CGS-CIMB upgraded Keppel REIT to Add from Hold after first-quarter results were in line with expectations and showed positive rental reversions.
It noted that the first-quarter dividend per unit (DPU) of 1.42 Singapore cents made up around 25 percent of its full-year forecast.
“During the quarter, Bugis Junction Tower and 8 Exhibition St in Australia delivered better results year-on-year and helped offset weaker earnings from 275 George St and other Singapore properties,” it said in a note on Wednesday, noting portfolio occupancy was “fairly stable” from the previous quarter, coming in at 99.4 percent.
Singapore leases, which were 84 percent of lease expiries, were re-contracted at an average S$10.05 per square foot, or a positive reversion of 3.6 percent, the note said, adding that Keppel REIT guided that upcoming expiring rents ranged from S$8.50-S$12.00 psf.
“We maintain our expectation of a 15 percent year-on-year pick-up in spot rents for 2018, and anticipate further positive rental reversions
when these leases are renewed.
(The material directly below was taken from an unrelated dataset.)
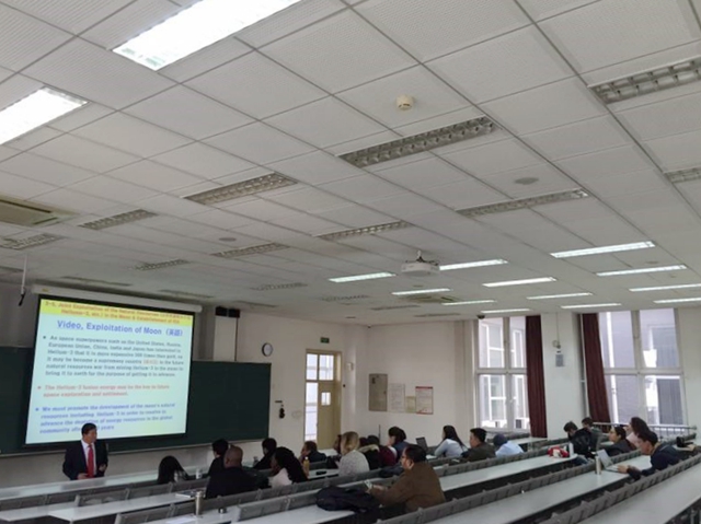 11月29日,金斗煥以“人類能夠在月球和火星上生存”為專題進(jìn)行了講授,介紹了美國、俄國、中國、日本、印度和韓國對月球和火星的空間探索,《1979年月球協(xié)定》的內(nèi)容以及探索月球或其他天體上自然資源的活動中所存在的法律問題。最后,金斗煥還指出建立ISA的必要性。講座結(jié)束后,各位學(xué)生踴躍發(fā)言與金斗煥進(jìn)行交流。

This should continue to underpin its DPU growth going forward,” CGS-CIMB said.
But it kept its 2018-20 DPU forecasts and S$1.34 target price unchanged, saying the stock’s recent sharp selloff was the reason for the upgrade to Add.
“With the sustained office market recovery, there could potentially be upside risks to our estimates which will further catalyse KREIT’s share price performance,” it said.
The unit ended Thursday up 2.50 percent at S$1.23.